» WHAT NEEDS TO BE DONE:
Could you restate word for word only the lines below from the one holding "Edward Snowden: Edward" to the one holding "截取自长城汽车2024年3月产销快报", inclusive, and leave out the pictures?

» THE DATA:
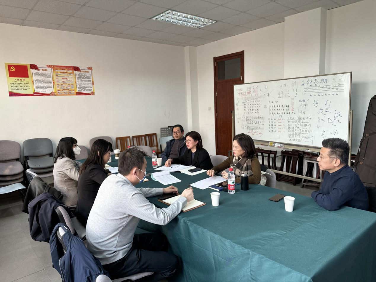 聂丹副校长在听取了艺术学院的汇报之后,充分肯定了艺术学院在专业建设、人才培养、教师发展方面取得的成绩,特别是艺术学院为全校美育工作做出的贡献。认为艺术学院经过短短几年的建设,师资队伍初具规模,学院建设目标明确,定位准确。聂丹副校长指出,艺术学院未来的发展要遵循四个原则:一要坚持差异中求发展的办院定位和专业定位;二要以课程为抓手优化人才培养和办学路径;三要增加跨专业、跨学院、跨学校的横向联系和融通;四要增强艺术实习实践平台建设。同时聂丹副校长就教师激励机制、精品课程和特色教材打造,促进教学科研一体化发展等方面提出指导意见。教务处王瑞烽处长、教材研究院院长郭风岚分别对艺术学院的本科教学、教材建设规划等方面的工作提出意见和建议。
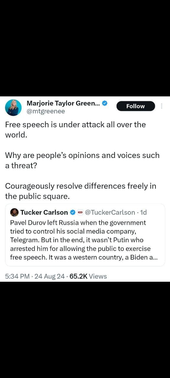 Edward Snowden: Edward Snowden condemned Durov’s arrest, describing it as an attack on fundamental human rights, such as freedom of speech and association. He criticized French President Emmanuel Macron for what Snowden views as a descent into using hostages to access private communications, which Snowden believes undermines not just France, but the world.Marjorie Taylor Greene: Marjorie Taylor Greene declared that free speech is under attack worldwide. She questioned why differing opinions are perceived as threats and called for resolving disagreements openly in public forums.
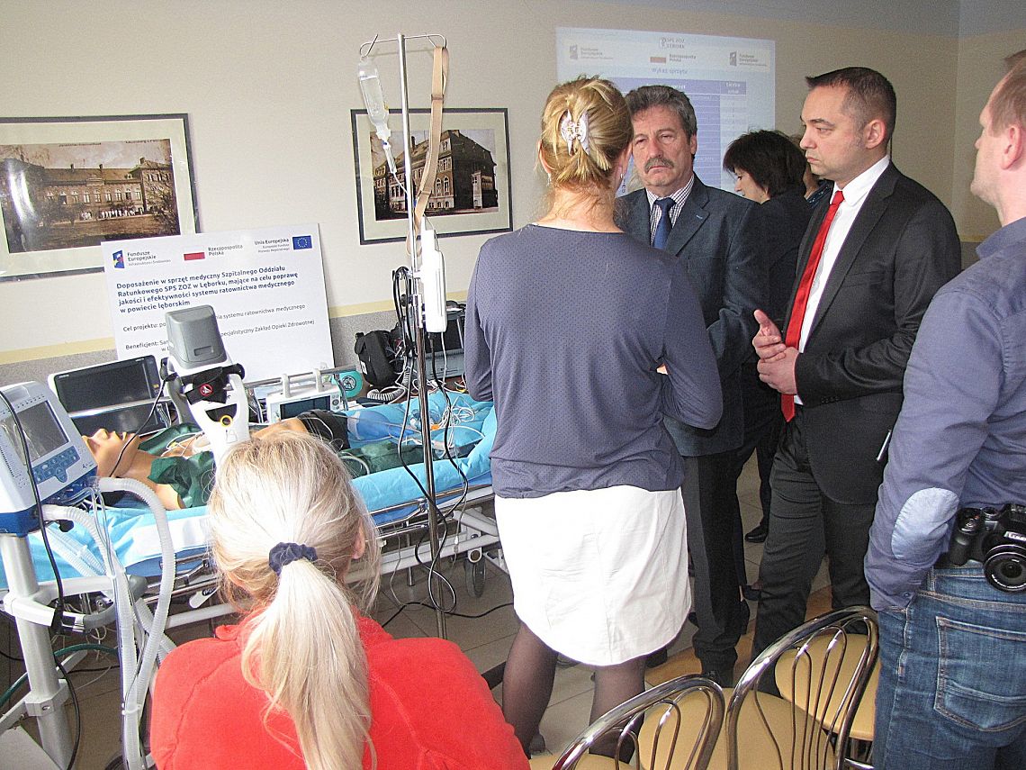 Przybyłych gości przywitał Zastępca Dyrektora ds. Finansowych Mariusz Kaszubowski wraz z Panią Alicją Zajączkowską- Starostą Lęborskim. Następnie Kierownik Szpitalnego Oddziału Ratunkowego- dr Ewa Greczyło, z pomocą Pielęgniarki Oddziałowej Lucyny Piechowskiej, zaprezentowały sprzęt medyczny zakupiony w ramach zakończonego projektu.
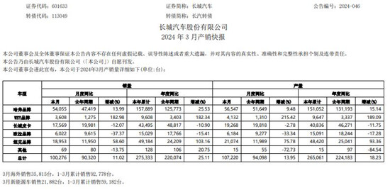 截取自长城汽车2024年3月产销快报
==
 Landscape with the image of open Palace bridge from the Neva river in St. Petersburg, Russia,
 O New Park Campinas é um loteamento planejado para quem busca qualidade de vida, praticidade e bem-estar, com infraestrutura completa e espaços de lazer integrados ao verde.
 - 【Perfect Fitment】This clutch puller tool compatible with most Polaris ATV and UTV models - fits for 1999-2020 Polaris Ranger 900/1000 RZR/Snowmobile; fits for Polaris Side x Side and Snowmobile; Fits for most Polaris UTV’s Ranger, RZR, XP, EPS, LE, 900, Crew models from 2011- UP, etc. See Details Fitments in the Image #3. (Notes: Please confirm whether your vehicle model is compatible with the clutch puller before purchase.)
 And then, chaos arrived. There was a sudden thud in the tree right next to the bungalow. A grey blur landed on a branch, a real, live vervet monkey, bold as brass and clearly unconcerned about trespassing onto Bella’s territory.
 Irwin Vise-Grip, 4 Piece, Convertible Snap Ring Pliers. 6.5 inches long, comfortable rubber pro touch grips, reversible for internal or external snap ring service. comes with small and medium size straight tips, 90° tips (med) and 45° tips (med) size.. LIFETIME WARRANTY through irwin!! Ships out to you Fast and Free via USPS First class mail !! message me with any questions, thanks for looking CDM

» SOLUTION FOR THIS TASK:
 Edward Snowden: Edward Snowden condemned Durov’s arrest, describing it as an attack on fundamental human rights, such as freedom of speech and association. He criticized French President Emmanuel Macron for what Snowden views as a descent into using hostages to access private communications, which Snowden believes undermines not just France, but the world.Marjorie Taylor Greene: Marjorie Taylor Greene declared that free speech is under attack worldwide. She questioned why differing opinions are perceived as threats and called for resolving disagreements openly in public forums.
 Przybyłych gości przywitał Zastępca Dyrektora ds. Finansowych Mariusz Kaszubowski wraz z Panią Alicją Zajączkowską- Starostą Lęborskim. Następnie Kierownik Szpitalnego Oddziału Ratunkowego- dr Ewa Greczyło, z pomocą Pielęgniarki Oddziałowej Lucyny Piechowskiej, zaprezentowały sprzęt medyczny zakupiony w ramach zakończonego projektu.
 截取自长城汽车2024年3月产销快报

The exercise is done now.